Culture

Sgathaich: Shin Godzilla

Christmas SgathaichIn over 60 years of this franchise the original film has never been remade. Sure we had a weird American movie that was very much not Godzilla and a second attempt at an American Godzilla that was much better that started off the monsterverse. But the original film in Japan has always been almost sacred. Every era, every film in Japan (outside of the anime trilogy) has treated the first film as having happened, except this one.

The original Gojira is a dark serious metaphor to the dangers of nuclear weapons. It is a disaster movie that takes the form of the attack of a giant monster the country is powerless to stop.

Sin GodzillaIn the year 2011 Japan was hit by a massive tsunami which leads to the Fukushima Daiichi nuclear disaster. Shin Godzilla directed by Hideaki Anno and Shinji Higuchi is very much a critique of the Japanese Government and its overly bureaucratic nature in the wake of these disasters. This is most evident in the first act of the film. While in the original there were people from all over as the leads, here the protagonists are all government officials so we see the disaster from a government perspective.

The film opens with a small team of people investigating an abandoned ship floating in Tokyo bay. After finding some odd pieces of research a large explosion can be heard, the sea starts boiling and the Tokyo Bay Aqua-Line is suddenly flooded by a strange red liquid. From here the action moves to the Japanese Government as they go from meeting to meeting, their inaction and unwillingness to take action due to bureaucracy over who should be responsible is paralleled as a large creature begins to move first up the river (the pile up of boats directly referencing the tsunami) before coming on land in its second form.

The second form of Godzilla has an unusual but somewhat chilling look, a creature clearly not built to walk on land as blood comes out of its gills and it wobbles about yet it continues to devastate the area while the Government continues to try and find out whose jurisdiction this falls under.

Godzilla here is portrayed as a rapidly evolving creature, once more paralleling the slow movements of the Government. Times where it could have been dealt with then and there prevented by inaction resulting in the time when they were willing to gun it down, it no longer being effective.

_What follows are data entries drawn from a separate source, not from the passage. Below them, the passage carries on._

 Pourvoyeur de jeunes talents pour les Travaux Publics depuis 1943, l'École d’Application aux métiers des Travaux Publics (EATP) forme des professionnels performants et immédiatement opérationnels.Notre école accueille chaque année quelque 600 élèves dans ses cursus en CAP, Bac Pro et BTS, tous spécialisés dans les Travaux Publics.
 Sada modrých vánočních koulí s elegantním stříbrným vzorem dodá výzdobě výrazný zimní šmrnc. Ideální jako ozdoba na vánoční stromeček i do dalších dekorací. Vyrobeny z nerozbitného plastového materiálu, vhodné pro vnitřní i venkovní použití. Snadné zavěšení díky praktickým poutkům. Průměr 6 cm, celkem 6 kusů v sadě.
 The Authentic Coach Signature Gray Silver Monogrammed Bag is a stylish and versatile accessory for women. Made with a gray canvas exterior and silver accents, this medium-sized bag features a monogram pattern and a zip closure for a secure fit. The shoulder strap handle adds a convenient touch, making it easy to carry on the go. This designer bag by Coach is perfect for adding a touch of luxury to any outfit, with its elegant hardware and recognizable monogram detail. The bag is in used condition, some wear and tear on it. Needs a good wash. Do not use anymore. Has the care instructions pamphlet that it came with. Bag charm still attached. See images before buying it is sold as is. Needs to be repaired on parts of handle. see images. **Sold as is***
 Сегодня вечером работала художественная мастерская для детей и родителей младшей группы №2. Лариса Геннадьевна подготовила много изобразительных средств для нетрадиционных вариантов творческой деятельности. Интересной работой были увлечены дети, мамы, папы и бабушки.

The 4th form of Godzilla which is the main one seen in the film is a terrifying beast, drawing once more from the original concepts of the beast. This form is black covered in radiation scars and an almost blood red glow coming off it. This beast comes off as a nightmarish mutation rather than some large dinosaur.

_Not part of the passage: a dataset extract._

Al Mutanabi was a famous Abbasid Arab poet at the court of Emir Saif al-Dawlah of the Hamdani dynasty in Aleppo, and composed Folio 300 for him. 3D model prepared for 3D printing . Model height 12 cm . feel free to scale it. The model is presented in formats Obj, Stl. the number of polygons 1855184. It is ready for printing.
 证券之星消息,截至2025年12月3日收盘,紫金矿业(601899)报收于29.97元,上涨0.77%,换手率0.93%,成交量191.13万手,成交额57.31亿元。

The most harrowing scene comes when Godzilla/gojira (in a nice touch they use both its names, with Godzilla openly being what the Americans refer to it as) uses its atomic breath. The music switches more to a funereal dirge the track called “who will know our tragedy” as its lower jaw splits open and hits dorsal fins glow purple, suddenly black smoke spews from Godzilla’s mouth before it’s replaced by flames and massive sections of Tokyo are engulfed in flames evoking images of the fire bombings in WW2 as well as the nuke.

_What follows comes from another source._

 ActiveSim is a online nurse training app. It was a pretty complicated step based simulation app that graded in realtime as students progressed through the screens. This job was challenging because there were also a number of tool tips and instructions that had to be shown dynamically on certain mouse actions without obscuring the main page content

Shin Godzilla is a very different beast to the American monsterverse films. While they follow the later era Godzilla VS monster films this one is a much slower and haunting film resembling the original more. It is also charged with political commentary with many parts of the dialog coming out as condemning the current nature of Japanese politics. Sadly that part will not be as strongly resonating with western audiences due to lack of knowledge or reference point for them but the film is still written in a way that is enjoyable if dark and a very interesting contrast to the American ones.